Burrell & Morgan's central claim: "All theories of organisation are based upon a philosophy of social science and a theory of society." Behind every management framework you have ever used — Maslow, Porter, Kotter, BSC, agile — there sits a set of unspoken assumptions about what is real, what counts as knowledge, and what humans are like.

If you don't know which assumptions you are operating under, you cannot tell why your favourite framework works in some places and fails badly in others. The course's first big skill is learning to read those assumptions out loud.

Three things to remember from this topic
  1. A paradigm is not an opinion. It is a worldview made of ontological, epistemological, human-nature, and methodological assumptions, stitched together.
  2. Burrell & Morgan say only one paradigm operates at any moment.
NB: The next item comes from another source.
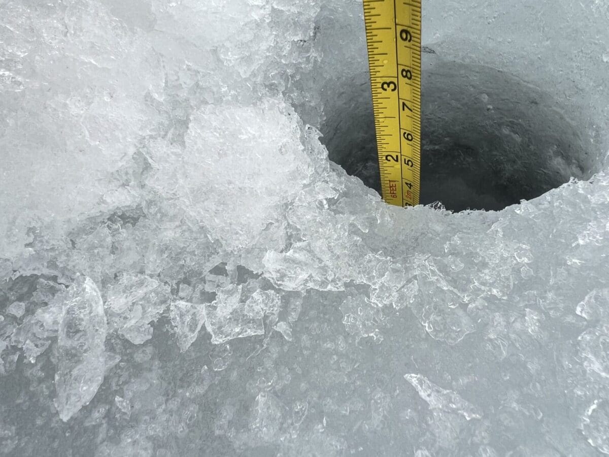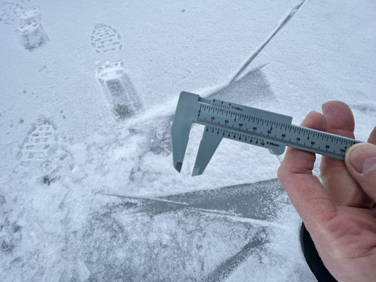 -4 grader og målt 30-33 cm i isfiskehull 3 forskjellige steder.

Switching paradigms means re-seeing the same organisation as a different thing.
  3. Modern management thinking lives almost entirely in one quadrant — the functionalist one. The other three quadrants exist; we just don't visit them.
§ 02

Four assumptions behind every theory.

Burrell & Morgan say any social theory rests on assumptions in four domains. Use these as a checklist whenever you encounter a new management theory.

Dimension
Objectivist view
Subjectivist view
Ontology
what is real?

Reality is external, exists independent of the observer. Realism — the world is out there, we discover it.
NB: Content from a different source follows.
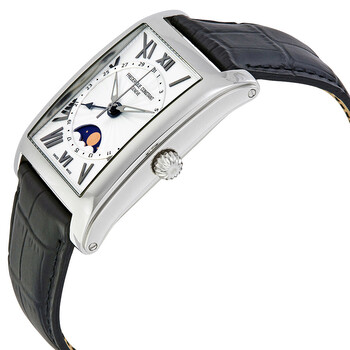 Stainless steel case with a black leather strap. Fixed stainless steel bezel. Silver guilloche dial with Roman numeral hour markers. Pointer date scale around an inner ring. Dial Type: Analog. Luminescent hands and markers. Pointer date. Moonphase. Caliber FC-330 automatic movement with about 38 Hour of power reserve. Scratch resistant sapphire crystal. 2 o-rings crown. Transparent case back. Case size: 34 mm x 45 mm. Case thickness: 10.9 mm. Rectangle case shape. Band width: 24 mm. Deployment with push button release clasp. Water resistant at 30 meters / 100 feet. Functions: date, hour, minute, second, moonphase. Casual watch style. Watch label: Swiss Made. Item Variations: FC 330MS4MC6, FC.330MS4MC6, FC330MS4MC6. Frederique Constant Carree Silver Dial Men's Watch FC-330MS4MC6.

Reality is a product of cognition. Nominalism — names, concepts, labels we use to make sense of experience.

Epistemology
what counts as knowledge?

Knowledge is hard, real, transmissible. Positivist — find patterns, build hypotheses, test, accumulate.

Knowledge is softer, experiential, personal. Anti-positivist — must be lived, not observed.

Human nature
what are people?

Humans are conditioned by the external environment. Determinism.

Humans are creators of their environment. Voluntarism — free will, agency.

Methodology
how do we investigate?

The social world is like the natural world — measure, quantify, regress. Nomothetic.

The social world is personal, subjective. Ideographic — get inside, interpret, narrate.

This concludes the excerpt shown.